Number of DE genes in gene set may not be a good statistic, more commonly used statistics are log2 fold enrichment or -log10 p.adjust.

It is also common to add the p-values/adjusted p-values to the bars.
ggplot(tb[1:10, ], aes(x = log2fe, y = description)) +
geom_col() +
geom_text(aes(x = log2fe, label = sprintf('%1.e', p_adjust)))
By default, ggplot2 reorders labels alphabetically. You can set the name as a factor and specify the order there.

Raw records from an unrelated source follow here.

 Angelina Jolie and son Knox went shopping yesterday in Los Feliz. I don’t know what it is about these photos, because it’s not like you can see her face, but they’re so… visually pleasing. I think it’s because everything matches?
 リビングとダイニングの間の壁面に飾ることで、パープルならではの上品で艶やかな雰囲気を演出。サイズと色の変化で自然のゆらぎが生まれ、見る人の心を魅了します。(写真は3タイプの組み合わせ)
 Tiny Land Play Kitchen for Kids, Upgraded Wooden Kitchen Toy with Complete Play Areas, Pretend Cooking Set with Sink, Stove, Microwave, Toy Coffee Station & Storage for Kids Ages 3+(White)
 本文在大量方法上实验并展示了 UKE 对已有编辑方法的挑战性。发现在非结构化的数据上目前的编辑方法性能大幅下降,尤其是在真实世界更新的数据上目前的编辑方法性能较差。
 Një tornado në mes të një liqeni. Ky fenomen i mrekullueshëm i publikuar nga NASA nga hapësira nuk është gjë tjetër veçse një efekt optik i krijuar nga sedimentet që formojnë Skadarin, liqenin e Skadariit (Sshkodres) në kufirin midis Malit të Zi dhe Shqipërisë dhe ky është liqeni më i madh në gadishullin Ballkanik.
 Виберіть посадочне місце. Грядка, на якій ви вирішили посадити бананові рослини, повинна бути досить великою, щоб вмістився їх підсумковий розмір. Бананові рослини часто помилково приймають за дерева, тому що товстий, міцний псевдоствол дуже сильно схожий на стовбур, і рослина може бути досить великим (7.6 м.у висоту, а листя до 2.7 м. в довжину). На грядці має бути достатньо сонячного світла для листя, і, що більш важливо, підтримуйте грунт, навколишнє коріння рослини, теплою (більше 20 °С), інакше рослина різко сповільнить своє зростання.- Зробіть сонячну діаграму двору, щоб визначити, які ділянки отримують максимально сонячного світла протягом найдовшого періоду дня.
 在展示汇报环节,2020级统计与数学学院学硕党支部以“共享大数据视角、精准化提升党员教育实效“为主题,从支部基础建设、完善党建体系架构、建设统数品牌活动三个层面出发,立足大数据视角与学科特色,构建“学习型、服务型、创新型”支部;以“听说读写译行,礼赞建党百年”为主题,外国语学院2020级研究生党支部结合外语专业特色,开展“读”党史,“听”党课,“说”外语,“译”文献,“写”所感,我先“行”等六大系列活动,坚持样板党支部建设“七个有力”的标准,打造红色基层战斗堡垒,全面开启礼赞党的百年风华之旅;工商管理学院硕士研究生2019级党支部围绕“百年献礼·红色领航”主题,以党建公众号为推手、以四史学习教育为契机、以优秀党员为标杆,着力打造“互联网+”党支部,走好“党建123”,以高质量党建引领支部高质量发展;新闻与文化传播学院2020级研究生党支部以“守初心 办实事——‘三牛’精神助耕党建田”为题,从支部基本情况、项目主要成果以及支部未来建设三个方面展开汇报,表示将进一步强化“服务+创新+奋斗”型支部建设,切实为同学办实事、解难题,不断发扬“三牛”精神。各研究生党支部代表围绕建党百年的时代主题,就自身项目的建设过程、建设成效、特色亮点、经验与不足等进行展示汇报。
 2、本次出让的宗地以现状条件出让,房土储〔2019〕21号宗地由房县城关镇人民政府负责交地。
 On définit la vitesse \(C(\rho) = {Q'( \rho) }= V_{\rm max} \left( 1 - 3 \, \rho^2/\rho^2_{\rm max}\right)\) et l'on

Points are also very frequently used.
ggplot(tb[1:10, ], aes(x = log2fe, y = description)) +
geom_point() +
xlim(0, max(tb$log2fe[1:10]))
Using dot plot, we can map a second statistic to the size of dots.
ggplot(tb[1:10, ], aes(x = log2fe, y = description, size = n_hits)) +
geom_point() +
xlim(0, max(tb$log2fe[1:10]))
Maybe Connecting to the baseline can enhance the visual effect of the magnitude of the enrichment.
ggplot(tb[1:10, ], aes(x = log2fe, y = description, size = n_hits)) +
geom_point() +
geom_segment(aes(x = 0, xend = log2fe, y = description, yend = description), lwd = 1) +
xlim(0, max(tb$log2fe[1:10]))
Even more, we can map a third statistic to the dot colors.
ggplot(tb[1:10, ], aes(x = log2fe, y = description, size = n_hits, col = n_hits/n_gs)) +
geom_point() +
xlim(0, max(tb$log2fe[1:10]))
A volcano plot which is -log10(p.adjust) vs log2 fold enrichment:
ggplot(tb, aes(x = log2fe, y = -log10(p_adjust))) +
geom_point(col = ifelse(tb$log2fe > 1 & tb$p_adjust < 0.001, "black", "grey")) +
geom_hline(yintercept = 3, lty = 2) +
geom_vline(xintercept = 1, lty = 2)
With the volcano plot, we can easily see the preference of enrichment to the sizes of gene sets.
ggplot(tb, aes(x = log2fe, y = -log10(p_adjust), color = n_gs, size = n_hits)) +
geom_point() +
scale_colour_distiller(palette = "Spectral")
Multiple ORA results
To visualize multiple ORA enrichment tables in one plot, we need to first prepare a data frame which combines results for a pre-selected gene sets.
tbl = readRDS(system.file("extdata", "lt_enrichment_tables.rds", package = "GSEAtopics"))
set.seed(666)
terms = sample(tbl[[1]]$gene_set, 10)
tb = NULL
for(nm in names(tbl)) {
x = tbl[[nm]]
x = x[x$gene_set %in% terms, colnames(x) != "geneID"]
x$sample = nm
tb = rbind(tb, x)
}
ggplot(tb, aes(x = sample, y = description, size = -log10(p_adjust))) +
geom_point(color = ifelse(tb$p_adjust < 0.05, "black", "grey"))
Some labels are too long. We use the helper function
wrap_text() to wrap them into multiple lines.
ggplot(tb, aes(x = sample, y = wrap_text(description, width = 50), size = -log10(p_adjust))) +
geom_point(color = ifelse(tb$p_adjust < 0.05, "black", "grey"))
GSEA result
Single GSEA result
s = p53_dataset$s2n
s = convert_to_entrez(s)## gene id might be SYMBOL (p = 0.630 )
tb_gsea = fgsea_go(s, org.Hs.eg.db, "BP")Similarly, we can visualize NES scores of gene sets.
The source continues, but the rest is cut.